→ **The task**
Restate, exactly as written, the entries below from the line that holds "O fato de já" through the line that holds "hace 40 años.". Pictures are not part of the copy.

→ **Extracted entries**
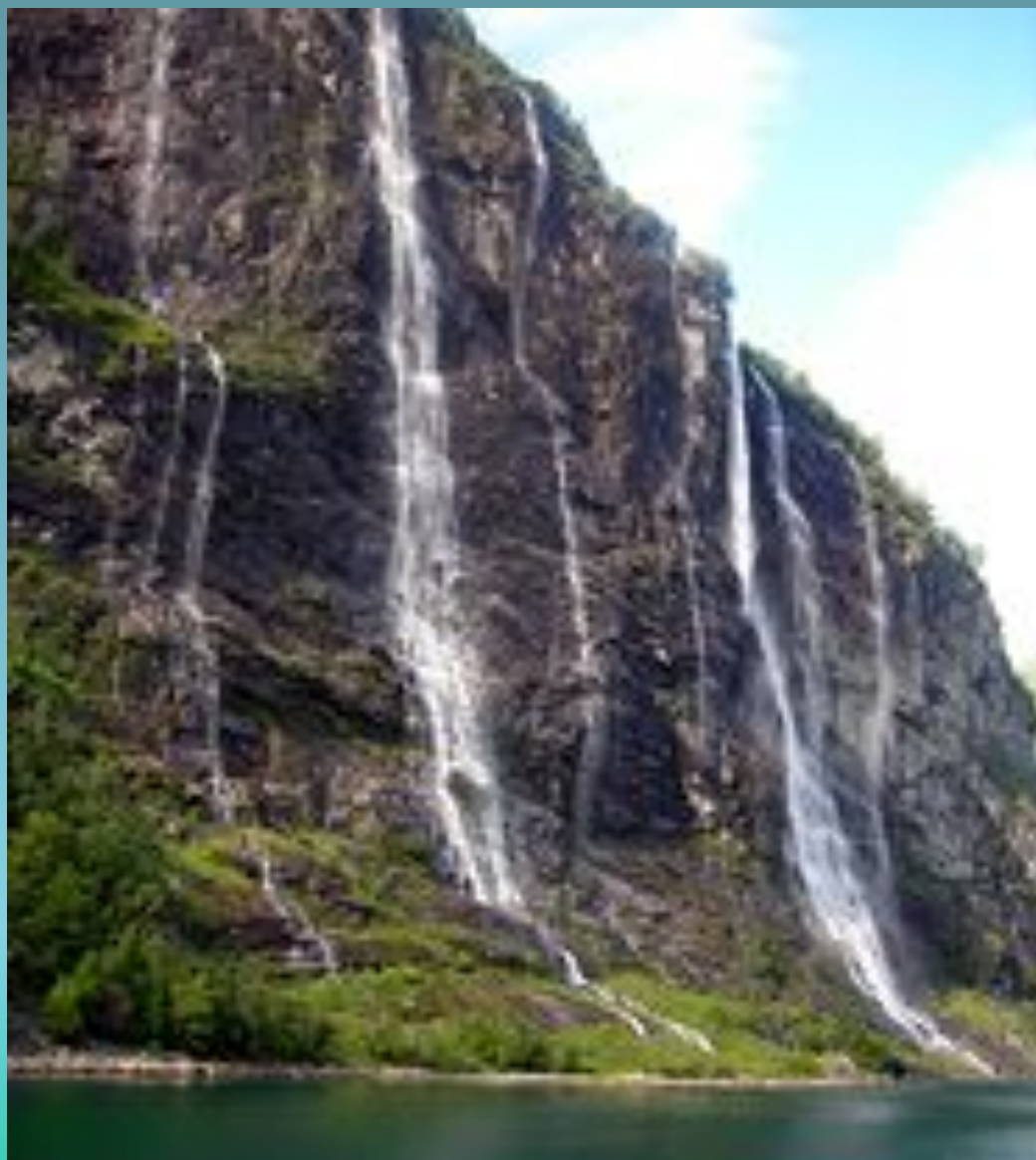
Гейрангерфьорд. Водопад «Семь сестер».
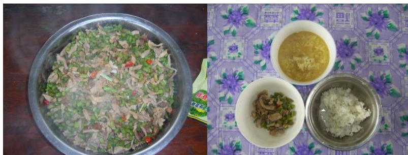
图 10 当日菜品

调查当天的食谱为嫩椒炒猪肉、炒青豆角和西红柿鸡蛋汤。与微博公示一致。调查人与学生共餐，感觉菜的口味咸淡适中，菜中全为瘦肉。从学生用餐的情况看，学生浪费不多。
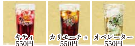
キタイ 550円 カリモニチヨ 550円 オベレニター 550円
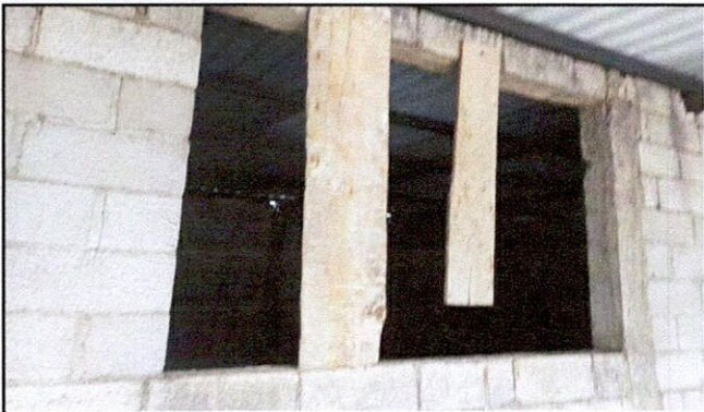
Foto 1: VENTANAS 5.3 Sustitución de ventana de madera por metal más vidrio
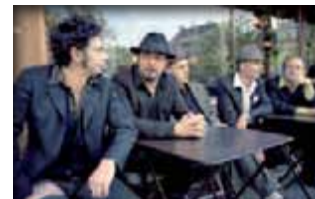
La Danse du Chien
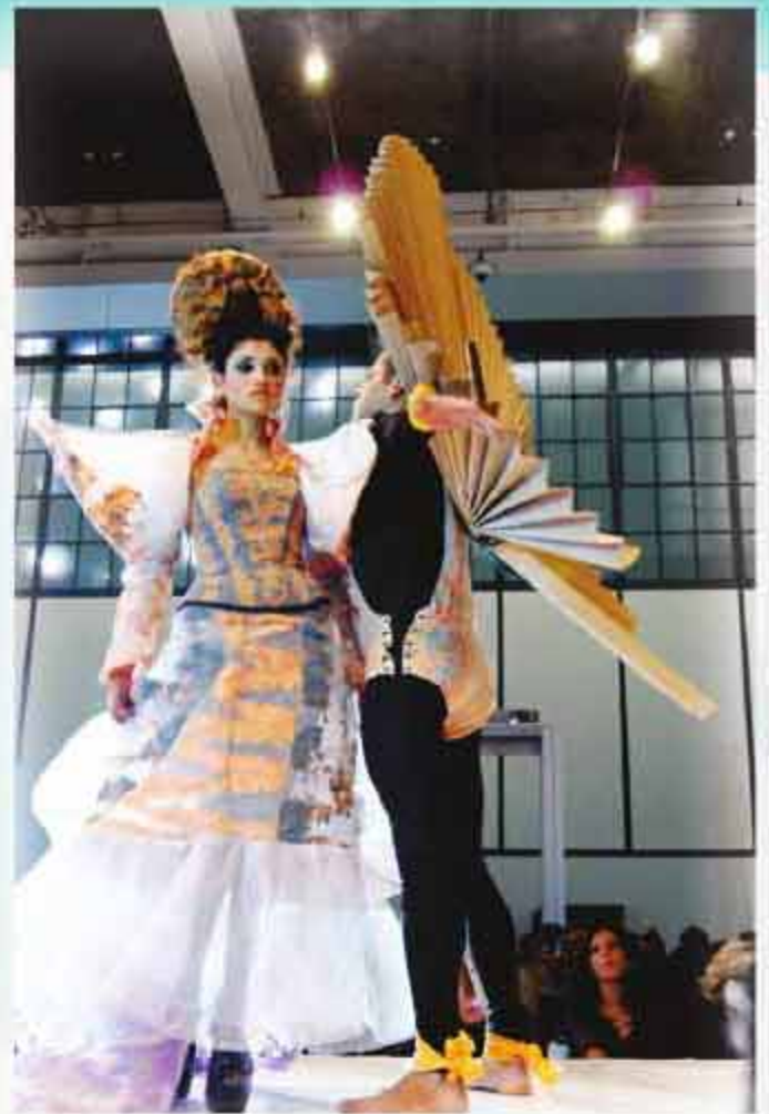
Itzihuapa y Mintzia
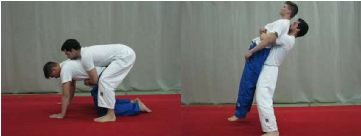
Slika 13. Podizanje iz klečećeg položaja obuhvatom oko trupa

Preporučuje se prilikom prvih pokušaja izvedbe ovu vježbu izvoditi sa lakšim suvježbačem (sl. 12).
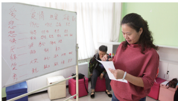
情感互动中，职工写下自己的情绪。

“在人际交往中，我们从对方的语言和肢体动作中能够感受到什么样的情绪？我们所感受到的情绪是否是对方想表达给我们的东西？”在瀛海镇总工会举办的职工心灵驿站体验周活动之“两性情感·亲密关系图卡”主题沙龙上，来自北京市市心启航公益服务中心的心理辅导老师向在座职工提出了这样的疑问。
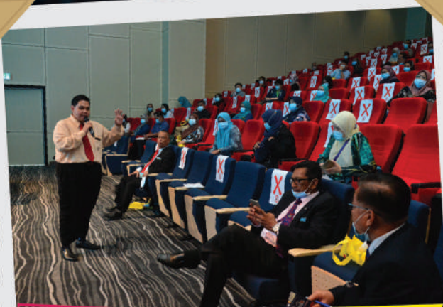
Taklimat Banci Penduduk 2020 Tarikh: 4 Ogos 2020
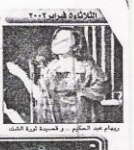
الشيخ عبد الله بن عبد الوهاب
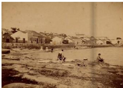
Figura 2 – Praia do Riacho, 1900

O fato de já se encontrar estabelecido em Porto Alegre em 1885 – ou 1881, conforme o habeas-corpus – na rua do Riacho (atual Washington Luís) nos leva a rever o percurso geralmente atribuído, de chegada em Rio Grande e trânsito por Bagé e Pelotas, até se estabelecer na capital em 1901, sob chamado de Júlio de Castilhos, para que o curasse. Das duas uma: ou a sequência não está correta e ele esteve anteriormente na capital, ou ali se estabeleceu diretamente. A narrativa geralmente aceita, portanto, se fragiliza. Isso pode nos levar a rever a relação entre o príncipe Custódio e o patriarca da República no Rio Grande do Sul. Já em 1892 estava envolvido na aquisição de ações do Prado na capital.
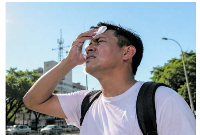
Emcali activó medidas para garantizar agua potable durante la temporada seca en Cali.
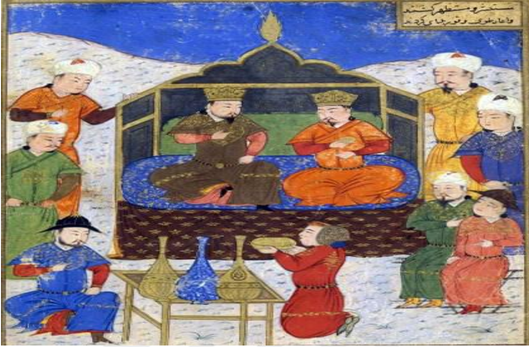
Gazan Han ve kardeři řehzade Olcaytu. 278
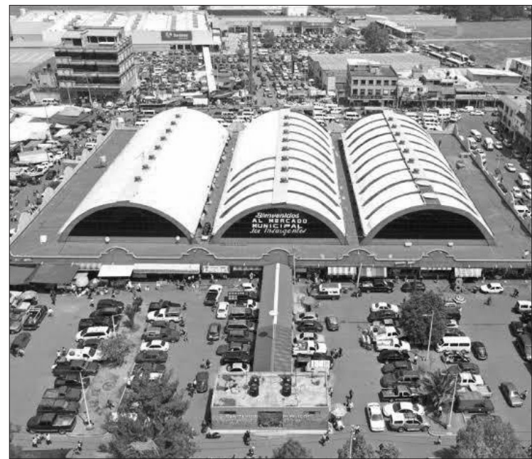
▲ El inmueble opera desde hace 40 años.

Otros casos, indicó, son de perros y gatos negros, también sin cabeza y sin patas; pero este sería el primero donde hallan pieles de animales presuntamente desollados.
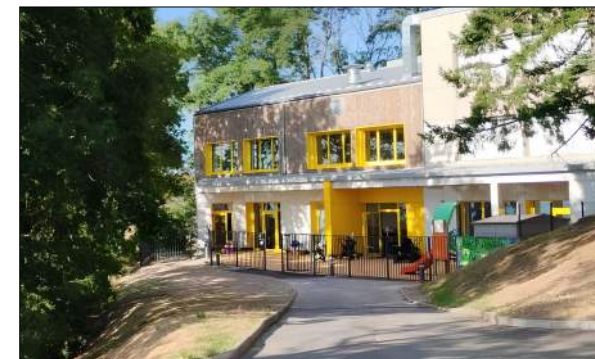
Jardin d'enfants à SAINT-HEAND Wild Architecture

Création d'un équipement social espace "entreprendre".

→ **Response to this exercise**
O fato de já se encontrar estabelecido em Porto Alegre em 1885 – ou 1881, conforme o habeas-corpus – na rua do Riacho (atual Washington Luís) nos leva a rever o percurso geralmente atribuído, de chegada em Rio Grande e trânsito por Bagé e Pelotas, até se estabelecer na capital em 1901, sob chamado de Júlio de Castilhos, para que o curasse. Das duas uma: ou a sequência não está correta e ele esteve anteriormente na capital, ou ali se estabeleceu diretamente. A narrativa geralmente aceita, portanto, se fragiliza. Isso pode nos levar a rever a relação entre o príncipe Custódio e o patriarca da República no Rio Grande do Sul. Já em 1892 estava envolvido na aquisição de ações do Prado na capital.
Emcali activó medidas para garantizar agua potable durante la temporada seca en Cali.
Gazan Han ve kardeři řehzade Olcaytu. 278
▲ El inmueble opera desde hace 40 años.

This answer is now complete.